Can you see the relevance to Chinese policy in Africa?

Why I didn’t mention the Taiwan bits in the article

Filed under: china, taiwan — twofish @ 6:19 am

By the way, in case you are wondering why I didn’t challenge the bits about Taiwan…  The answer is simple….

I AM SICK AND TIRED OF ARGUING ABOUT TAIWAN POLITICS!!!!!

Now that there is less and less chance of a war in the Taiwan straits, I’m losing interest.  As far as wikipedia, there are people who share my viewpoints and they are able to make sure that are reasonable represented.  If they aren’t, well I really don’t have the energy any more to argue about the meaning of obscure bits of history, and frankly I don’t think it matters much.

I haven’t been keeping up with Taiwan politics, and I actually feel a little sorry for Chen Shui-Bian.  I sort of hope that his son stays in the United States and has a baby because if the President’s grandson is an ABC, there is going to be less resistance to this ABC talking about Taiwanese politics, and that hopefully will help create a view on Taiwan that will be more amenable to unification in the next several decades.

Even more about the New York Times article

Filed under: china, wikipedia — twofish @ 6:08 am

Something interesting psychologically happened over the last hour that also happened the week before with my rant against Reporters San Frontieres

When I wrote my critique about the NYT article, I was thinking of myself screaming at the NYT, so I was rather loud and harsh.  It’s like being on the outside of a concrete building screaming inside, and I think I used terms like “slipshod, superficial journalism at its worst”, and I wasn’t particularly careful at toning down my language.  After all, I was screaming at the New York Times, who could hardly care what I thought about them.

Then I figured that in fairness I ought to e-mail the person that sent me the original request for comments, and suddenly I was positive embarrassed about what I had just said.  At that point, I was no longer screaming loudly at the New York Times, I was screaming at some anonymous junior journalist, probably in their 20’s, who doesn’t have all that much power, and is probably a very nice person that is going to feel awful if I trash their article (and would have felt a lot worse if they read my unedited version).

The same thing happened with RSF, when I started screaming and ranting against the big and powerful RSF, and suddenly I realized that press release was written by some young idealistic person that probably doesn’t deserve being screamed at.

Anyway I don’t know what this means, but it means something……

More on the New York Times article

Filed under: china, wikipedia — twofish @ 5:37 am

First, some ground rules.
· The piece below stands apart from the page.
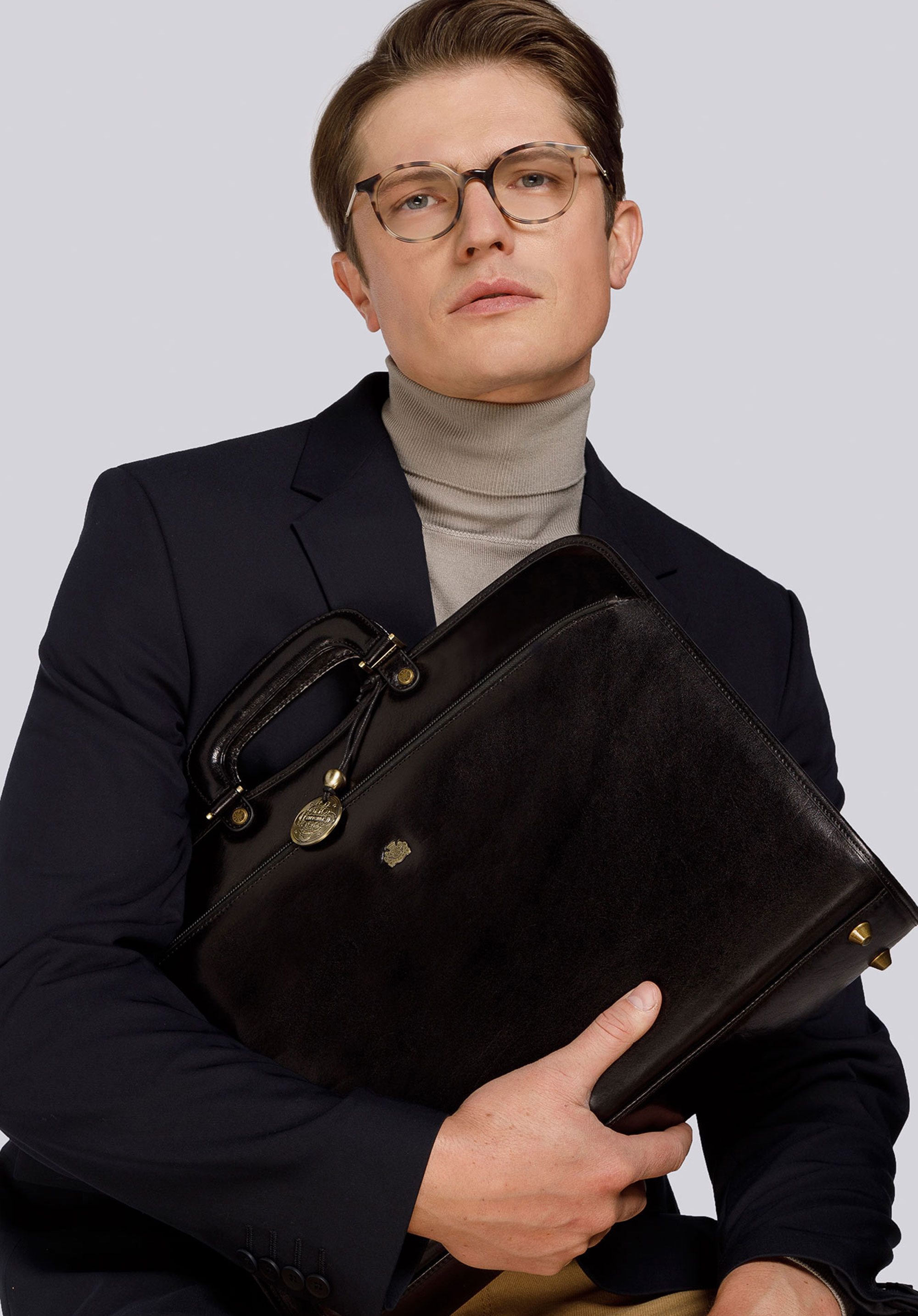 Pojemna skórzana teczka na dokumenty wykonana ze skóry cielęcej, charakteryzującej się wyjątkowo subtelnym połyskiem oraz wysoką wytrzymałością. Teczka pomieści zarówno potrzebne dokumenty, jak i telefon oraz wszelkie niezbędne akcesoria.

I make it a policy never to post people identities without their permission, nor will I post private e-mail that is written to me without permission. I will however post my statements if I think they are interesting, and I also will post things that are said in a public forum. Also whenever I summarize or cite someone, I do try to give people a “right of reply” so that they can agree/disagree whether the summary is fair and accurate.

With respect to the Mao article, the NYT just got the history wrong, and I think the article is an example of very superficial journalism. What happened with the English wikipedia (and I was there and you can look at the logs) was that after the book “Mao: The Untold Story” was published, a wikipedia user insisted on putting the millions of deaths line in the summary of Mao’s life. This prompted a reaction from the Maoists online, and a set of negotiations was taken that produced a very carefully balanced paragraph that everyone could live with.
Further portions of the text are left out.